THE VALUE OF SOVEREIGNTY IN MR. BROWN'S GARDEN, EXHIBITION AT THE INTEROCEANIC CANAL MUSEUM

The photographic exhibition of the American Tova Katzman leads the viewer to question the limits that mark the territory we inhabit.

March 16, 2026
Arjona, Esther María
By Arjona, Esther María
THE VALUE OF SOVEREIGNTY IN MR. BROWN'S GARDEN, EXHIBITION AT THE INTEROCEANIC CANAL MUSEUM
Exhibition Hall photos. Courtesy of Museo del Canal

While ships loaded with goods cross the Panama Canal incessantly, Anselmo González Brown's life passes in complete calm. Mr. Brown, an Afro-Caribbean man, occupied, after the reversion of the interoceanic waterway, a vacant lot in the community of Diablo. There, in the face of the frenetic maritime traffic demanded by the immediacy of world trade, a refuge of medicinal plants and fruit trees grew. A territory of "personal sovereignty".

 

Mr. Brown's Garden, a photographic exhibition by the artist Tova Katzman, brings together an audiovisual archive (2017-2025) that documents the day-to-day life of this character who, despite the changes and evolution of the world, keeps this space in which he maintains his way of life, respecting his territory and his heritage.

The exhibition is structured around the short film The Bittersweet Life of Mr.
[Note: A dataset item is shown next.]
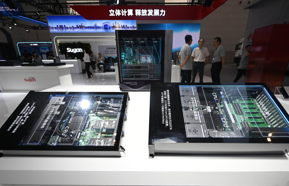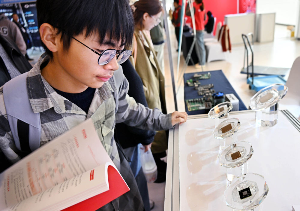 2024年11月2日,与会者在2024中国自动化大会展览区观看国产芯片。当日,2024中国自动化大会在山东省青岛市开幕。大会以“新质发展智控未来”为主题,聚焦自动化与人工智能深度融合,探讨新产业、新技术的创新发展。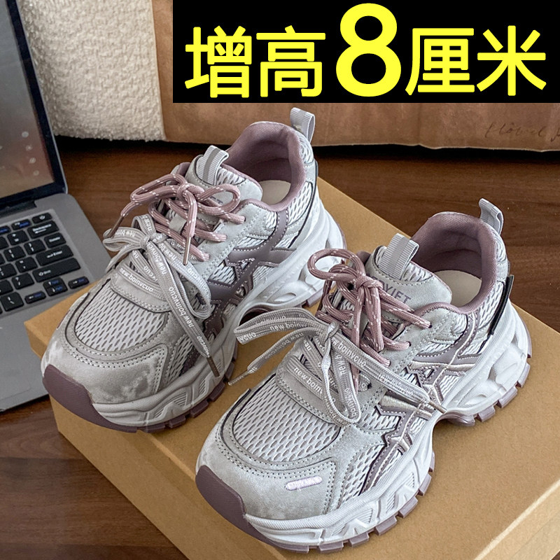 厚底老爹鞋女2026新款春夏季网面透气运动休闲鞋不累脚内增高女鞋

Brown, photographs and verses by the poet Shyanne Figueroa Bennet, which contrasts the accelerated transit of the Canal in front of the place of contemplation in which the camera must wait patiently for the light to do its work. 

 

Its curator, Román Flórez M., states that "in this exhibition Katzman's photographic archive and Mr. Brown's botanical archive show us with subtlety some of the symbolic limits that still divide the territory and memory of the country today". He considers the visit to this exhibition as "an opportunity to reflect on our connection with nature, life in the old Canal Zone and the ways in which we approach those territories today".

For the photographer, this medicinal garden in front of the Panama Canal represents "a space of transgression and encounter, without rules or fences".

 

Tova Katzman is a photographer and video artist originally from Massachusetts, with a Master of Fine Arts from the University of Texas at Austin. His work is grounded in human geography, loss, the built environment, and body research around bodies of water.